Two of Pereira’s friends lately had a complicated breakup. She sided with one of them after learning the other turned to ChatGPT, a notoriously poor therapy substitute, not their partner, when they needed to talk about their feelings. “It’s like they refused to endure any difficult human feelings,” she said. “They just wanted to process something and continue, which is not how things work.”

Suddenly I was unable to do it by myself. I was too dependent on AI to do the simplest things [at work].

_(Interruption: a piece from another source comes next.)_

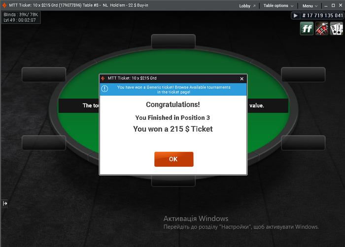 День 13 завершен. Сегодня сыграл пару ха . Сыграл в ноль. Запустил турниров. Попал на мини финалку вчерашнего турнира. Где занял 2 место. По иронии судьбы еще раз занял второе место. Играл хорошо но в конце игрок включил запрещенный прием. Начал ставить оллин все раздачи. И выиграл 2 выставления. Как по мне это хорошая тактика если с вами удача и вы точно понимаете что иначе проиграете . За все мои старания мне дали 166 $ тоже не плохо. Еще отобрался сегодня на турнир с 5 на 215 $ . Банкрол 1142$ +билет на 215$ Всем добра

Richard Barnes, a 31-year-old marine biologist and server in Hawaii, shares similar sentiments. “I am not sure if I would think otherwise about someone who uses ChatGPT, but I would be like, ‘come on,’” he said. “You don’t need to rely on it to make a grocery list. Your life is probably not that hard. We can make the list together.”

Celebrity and Industry Backlash.

Guillermo del Toro’s statement that he’d “rather die” over using AI received significant attention. Similarly, SZA’s Instagram stories rant against the tech warning about “environmental racism” and expressing fear over users who are “codependent on a machine”. The same goes for when Simu Liu, Alison Roman, Céline Dion, Emily Blunt, and others issued statements that are critical of AI in their various industries. I think these quotes spread widely for a reason: people agree with them.

This attitude exists even among those in the tech sector. Last month, Pinterest introduced a filter that lets users turn off AI content. Meta lets users hide, but not entirely remove, similar slop on Instagram. Reports suggested that “cursor resistance” is on the rise, as some Silicon Valley professionals refuse to use AI to write their code.

{Luciano Noijeen, a lead software engineer based in Greece and the Netherlands, told me that he eagerly used AI in the past to write or enhance his coding.|According to Luciano Noijeen, a {lead|

Chelsea Jimenez
Chelsea Jimenez

A fashion historian and lifestyle writer with a passion for royal culture and modern elegance, sharing curated insights for refined readers.